Charities Hosts Thank You Lunch
By Margarita Mendoza, El Observador Editor
November 22, 2018
ROCKFORD—This is the time of the year to say “thank you,” and that is exactly what Janet Biljeskovic, director of the Refugee Resettlement Program of Catholic Charities did on Nov. 14 at lunch time. 
“Today is our day to actually thank our volunteers and our community members who are really helping a lot with the refugee resettlement,” she said.
During 2018 the service helped “about 128” refugees, especially from Africa, she said.
They received assistance in “immigration and refugee resettlement services which include employment (with a goals of) self-sufficiency” for those who have been victims of violence or human trafficking, she explained. 
“We find them apartments, furniture, personal items. We have food ready for them. We pick them up from the bus station, usually that is the way they come,” Biljeskovic said.
Other services include English as a Second Language classes, cultural orientation, assistance in getting Social Security cards, enrolling themselves and their children in school, and more. 
In order to be documented as a refugee,  she said, “They need to be recognized by the United Nations High Commission for Refugees.” 
The UN commission refers cases to the United States Conference of Catholic Bishops (USCCB), which in turn refers them to Catholic Charities Refugee Relief Services.
Biljeskovic and her office have hosted the luncheon about five years.

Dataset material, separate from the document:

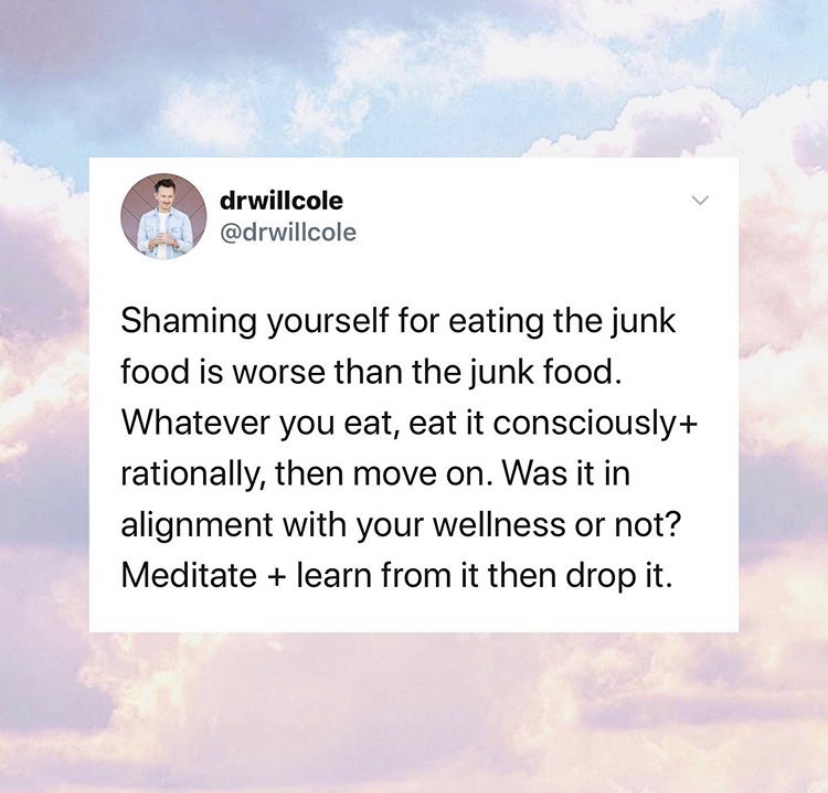 This is definitely not the time to strive for perfection, as those highs are highs and lows can be very low, and sometimes that junk food is exactly what you needed at that exact time. Instead, keep focusing on your health and wellness but when you stray from your usual eating habits and enjoy some junk food, acknowledge that it’s okay!
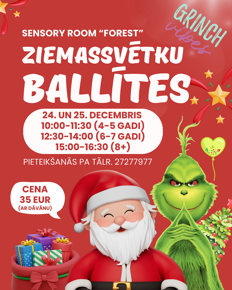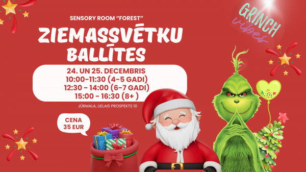 Mīļie vecāki, aicinām jūs un jūsu bērnus (no 4 gadiem) uz brīnumainu svētku piedzīvojumu Sensory Room "Forest"! Pasākums notiks 20.decembrī pl.18.30.

Each year features different types of food from different countries and continents, prepared by herself, her staff and refugees. 
This year dishes included rice with pigeon peas from Cuba, turkey cooked by a man from Burma (also known as Myanmar), a dish from Eritrea (in Africa), as well as bread from the former Yugoslavia. 
Mollie Singh is one of the volunteers. “We, in a small way, help these women get settled in this community,” Singh said. “We teach them a little English, we teach them skills in sewing and job skills, following directions, and probably giving them some money because when we sell the bags whatever money we get ... goes straight to the women.” 
Singh said they sell the bags in “arts and craft shows here in Rockford.” 
The bags are made by refugee women who are part of a sewing group at the refugee office.
The next one will be 4-9 p.m. Dec. 6 at  Rockford Handmade Market, 200 Prairie St.The handmade bags range in price from $10 to $20.
Officer Richard Dodd from the Rockford Police also attended the luncheon. He helps “with the new refugees to kind of get them the understanding of what the police do, and that we are here to help them.”
Transportation is important in helping refugees settle into their new home. Lisa Brown leads “the bus training, bus orientation program for Catholic Charities,” she said. 
“Whenever we have new arrivals, I have a training class and explain how we ride the bus, how we read the schedule books and we actually go home in the bus,” she said. 
Brown says she feels fulfilled when she sees that the day after having taught someone how to transport himself, that person can go to take ESL classes or go to Catholic Charities for some other business.
Mike Cannariato teaches English to the refugees. “All the volunteers I know feel blessed to work with this gracious inspiration of refugees,” he said.